■ Exercise goal ■
As written and without pictures, set down the lines from the one that contains "اعتبر مصطفى الأغا" through the end of the data.

■ Data below ■
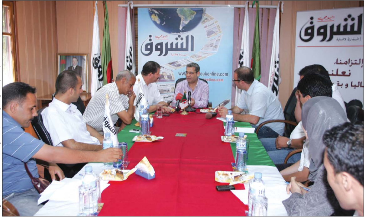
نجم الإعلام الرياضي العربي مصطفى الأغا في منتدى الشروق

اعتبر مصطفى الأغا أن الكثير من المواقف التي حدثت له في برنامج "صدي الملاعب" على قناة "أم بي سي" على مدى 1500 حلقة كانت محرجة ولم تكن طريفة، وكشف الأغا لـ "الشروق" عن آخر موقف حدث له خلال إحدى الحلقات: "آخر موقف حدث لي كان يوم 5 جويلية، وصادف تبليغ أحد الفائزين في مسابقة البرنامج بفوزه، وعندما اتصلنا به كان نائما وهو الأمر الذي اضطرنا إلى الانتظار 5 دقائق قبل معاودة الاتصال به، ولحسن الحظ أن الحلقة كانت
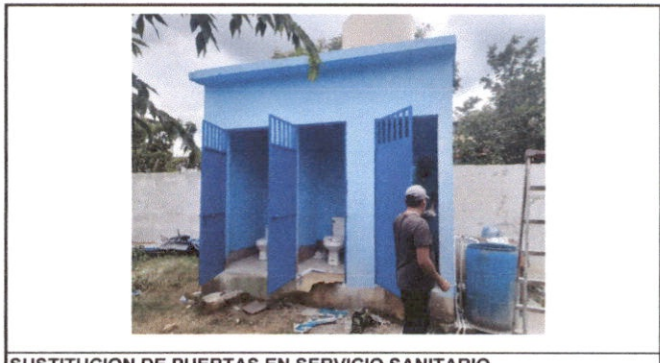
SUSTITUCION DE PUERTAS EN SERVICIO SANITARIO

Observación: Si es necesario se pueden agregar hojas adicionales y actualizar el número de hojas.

■ Answer box ■
اعتبر مصطفى الأغا أن الكثير من المواقف التي حدثت له في برنامج "صدي الملاعب" على قناة "أم بي سي" على مدى 1500 حلقة كانت محرجة ولم تكن طريفة، وكشف الأغا لـ "الشروق" عن آخر موقف حدث له خلال إحدى الحلقات: "آخر موقف حدث لي كان يوم 5 جويلية، وصادف تبليغ أحد الفائزين في مسابقة البرنامج بفوزه، وعندما اتصلنا به كان نائما وهو الأمر الذي اضطرنا إلى الانتظار 5 دقائق قبل معاودة الاتصال به، ولحسن الحظ أن الحلقة كانت
SUSTITUCION DE PUERTAS EN SERVICIO SANITARIO

Observación: Si es necesario se pueden agregar hojas adicionales y actualizar el número de hojas.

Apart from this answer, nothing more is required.